红藻氨酸受体是由GluR5～7和KA1～2亚基组成[12]。红藻氨酸受体和AMPA受体的特性相似。红藻氨酸受体也是只需要谷氨酸盐即可实现阳离子的内流。AMPA受体主要分布在突触后膜，但是有研究发现，红藻氨酸受体在突触前膜和突触后膜均有分布[13]。

三、代谢性谷氨酸受体

代谢性谷氨酸受体 （metabotropic glutamate receptors，mGluRs）是一个与G蛋白偶联的七跨膜结构。目前，已经发现了8个mGluRs（mGluR1～8）亚基，并且根据它们空间结构和胞内作用将其分为3组[14]。

第Ⅰ组mGluRs包括mGluR1s和mGluR5s。激活第Ⅰ组mGluRs可以通过G蛋白激活磷脂酶C，而磷脂酶C可以激活下游产生三磷酸肌醇和随后的胞内钙动员[15]。第Ⅱ组mGluRs包括mGluR2s和mGluR3s。这些mGluRs降低腺苷酸环化酶信号，导致电压依赖性钙通道的下游的抑制作用。这些受体在突触前和突触后都有分布[16]。第Ⅲ组mGluRs包括mGluR4s、mGluR6s、mGluR7s和mGluR8s[17]。第Ⅲ组mGluRs和第Ⅱ组有相似的性质，可以降低腺苷酸环化酶信号，从而激发电压依赖性钙通道下游的抑制作用，并且在突触前和突触后均有表达[18]。
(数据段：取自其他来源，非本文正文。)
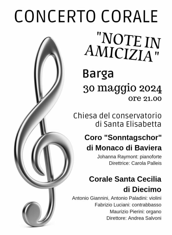 BARGA – “Note in amicizia” si intitola così il concerto corale che si terrà a Barga il 30 maggio alle ore 21 presso la chiesa del Conservatorio Santa Elisabetta, nel centro storico.

当发生兴奋性毒性的时候，第Ⅰ组mGluRs可以增强NMDA受体的Ca2+流[19]。其余的由mGluR2、3、4、6、7、8亚基组成的代谢型谷氨酸受体可以抑制环磷酸腺苷[20]，减少通过NMDA受体的Ca2+流。

以上研究表明谷氨酸受体的氨基酸亚基序列可以改变Ca2+的通透性，从而影响兴奋性毒性[21]。随着对谷氨酸受体分布的研究及药理学的进展，未来也许能够更好的通过受体拮抗剂来治疗神经系统疾病。离子通道受体和胞内酶的联系也许可以为药物治疗兴奋性毒性提供一个可供选择的治疗位点[22]。

四、兴奋性毒性机制

近些年来，兴奋性毒性一直是研究热点，目前还有许多机制需要研究和阐明。其中一个重要的障碍就是谷氨酸导致的神经退行性病变的异质性[23]。细胞凋亡和细胞坏死似乎均取决于NMDA受体刺激的严重程度[24]。在活体动物中，细胞死亡的形态主要取决于神经元亚基的组成。这种不同物种之间细胞死亡的异质性在缺血模型和脑外伤模型中也是很明显的[25]。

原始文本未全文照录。